Functional pottery, Indian style

young potter lo

In Rajasthan, just as city merchant districts can have streets full of nothing but bathroom fittings or paper ream shops (Old Delhi is a stunning example of this premise), out in the sticks you can come across an entire village of potters.  While this seems a little economically skewed to Western eyes, it seems to work well enough here. I was lucky enough to be welcomed into the homestead of one young potter who is in business with his brother in the potters’ village of Thikarda, an easy bike ride from Bundi…

young potter 2 lo

Yikes – here I am being put to the test with the end of the clay in front of the entire family, a bit daunting on an unfamiliar set up. I notice I use a lot more water than he needed to.

put to the test

The simplicity is stunning – here an electric wheel sits on the verandah of a family farmhouse.  In the yard stands a huge wood-fired kiln area, walled and surrounded by masses of broken pots, used to top the firing and keep the heat in.
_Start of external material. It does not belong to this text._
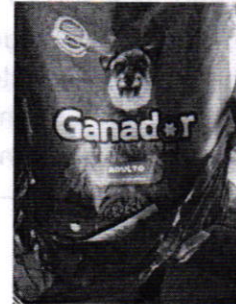
Fotografías 2 y 3. Vista de los recipientes y alimento del ejemplar canino motivo de denuncia.

En virtud de lo antes expuesto, esta Entidad considera procedente emitir la presente resolución, de conformidad con el artículo 27 fracción VI de la Ley Orgánica de esta Procuraduría, por imposibilidad legal, al no constatar irregularidades en materia de bienestar animal.

He demonstrated some of his smaller wares, throwing a range of pots off a large hump of clay.  Here the finishing is quick, basic and decisive – and all potters across the state make identical objects, in the local traditional style. Below is a shot of his store of water jars; and two shots of traditional water pots in use: one standing outside a house in Jaisalmer, the others outside a fort in Kesroli, ready for people to dip into. These are the main output of potters such as the chappie above. The water pots are actually thrown as large straight-sided jars and then beaten out to be cylindrical, with a wooden bat and stones inside to create these enormous pot-bellied traditional water containers.